Our work has certain implications. The white matter tract changes of anterior cingulum in shift workers correlated with the sleep-activity cycle. This suggests that the change may serve as a biomarker of sleep disorders. Also, the work suggests that the ACC and connected areas could be the targets of neuro-modulation therapy for the sleep disorders of shift workers.

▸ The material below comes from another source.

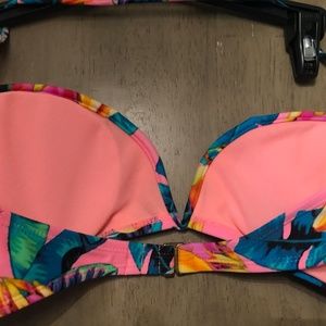 GB Pink Floral Tropical Multi colored Large Bikini. Bought from Dillards. The top had an underwire from the v to under the breast , lined with a removable strap that goes around the neck.The matching bottoms has a band around the top with good coverage. Worn a few things over one season. No flaws, good fit and great colors.

Our study had several limitations. First, as we employed a cross-sectional design, causal relationships cannot be determined. A longitudinal analysis is required to identify causal relationships; this also avoids recall bias. Second, we used sleep diaries and actigraphy to measure sleep variables. The PSQI may not be ideal to assess shift workers with disturbed sleep-wake rhythms; the PSQI is designed to assess (principally) subjective sleep quality. In the current study, the objective sleep-wake rhythm was measured by actigraphy. However, compared to polysomnography, actigraphy is less specific.39 Polysomnographic sleep parameters may be more reliable. Third, selection bias may have been in play when exploring the effects of shift work. As work shifts are chosen by workers, the baseline characteristics of shift workers may differ from those of non-shift workers. Those who regard themselves as tolerant of circadian disturbances may be less reluctant to choose night shifts. Lastly, we were unable to control for all potential confounders that may cause sleep disturbances (caffeine, alcohol, chronic pain, asthma, and heart disease). Although the FDR was used to correct the multiple comparisons of the imaging analysis, multiple comparison issues may still be in play. As shift workers may consume more caffeine or have more diseases than others, these confounders could affect the results.

In conclusion, we found that shift workers exhibited increased FAs in the bilateral anterior cingulum. The increased FA in the right anterior cingulum was associated with poorer sleep quality and higher activity levels. These results suggest that the right anterior cingulum may be correlated with sleep/activity in shift workers.